# Creating Jittered Scatterplots in BI Office 6

by Tim Andrews , Power User of BI Office

When tasked with visualizing a relationship between a continuous and more discrete variable, a jittered scatterplot can be a necessary evil. Used regularly by many analysts, the jittering effect is built into the ggplot2 library in R. By plotting the MPG dataset in R (cylinder count by highway MPG), we can quickly see that data points are lying directly on top of each other, masking information about the number of observations and highway MPG clusters. The jittering effect provides more clarity.

A similar effect can be accomplished in BI Office 6 by using custom calculated measures and MDX. Using the same MPG dataset, we are able to render a scattlerplot in BI Office. This scatterplot suffers from the same design challenges as the first R plot – much of the interesting information is masked on the x axis when we use an integer value such as the number of cylinders. We can clearly see that we have many observations for 4, 6, and 8-cylinder engines, along with probably fewer 5-cylinder engines. We don’t have a good read on exactly how many cars we are measuring, or if there are clusters against certain MPG levels.

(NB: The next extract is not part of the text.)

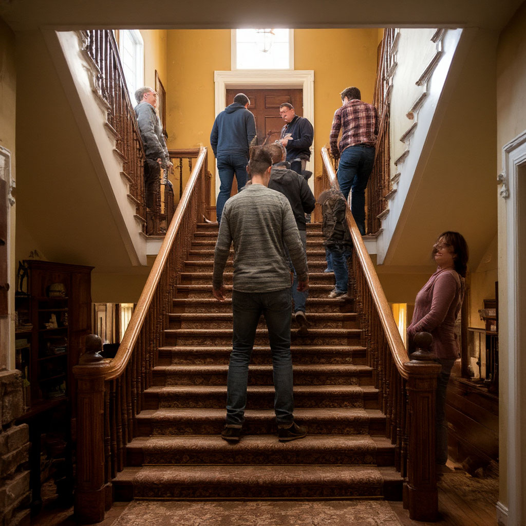 Лестничная клетка — не трофей и не крепость. Это просто наше общее место, где сходятся жизни, судьбы и… стулья с советским прошлым.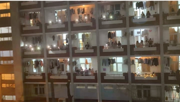学生安稳了,开心了。在宿舍区组织的拉歌活动,学生们打开手机闪光灯,唱着欢乐地歌曲。那一束束光线犹如闪耀的星星,在窗口、阳台上闪烁,听着欢快的歌声,学生工作者们露出了欣慰的笑颜。

## The Solution: A New Calculated Measure

The solution requires us to create a new calculated measure for cylinder count – and introduce some random noise to the exact value in order to horizontally spread our data points. My implementation also contains an optional variable to allow the analyst or end-user to alter the severity of the jitter.

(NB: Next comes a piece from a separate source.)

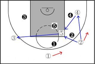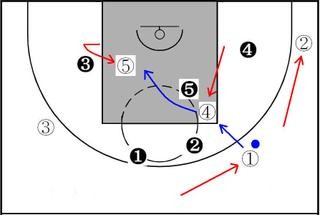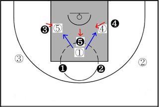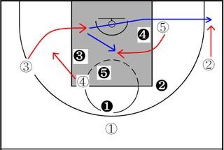 - 윙과 포스트에 볼이 투입되지 않으면 5번은 하이포스트로 라인으로 이동하고.

--Random number between our MIN and MAX jitter, AS a percentage

((( [Variable].[!##Cylinder Jitter##!] - ( [Variable].[!##Cylinder Jitter##!] * -1)) * RND(RANK([Mpg].[car].CURRENTMEMBER, [Mpg].[car].ALLMEMBERS)) + ( [Variable].[!##Cylinder Jitter##!] * -1))

*

--Multiply the random number by the average of all cylinders to capture the offset

AVG([Mpg].[car].[All].CHILDREN * [Measures].[Avg cyl] ))

+

--Add the offset to our cylinder VALUE

[Measures].[Avg cyl]

To explain what’s happening in the calculation, let’s start at the beginning.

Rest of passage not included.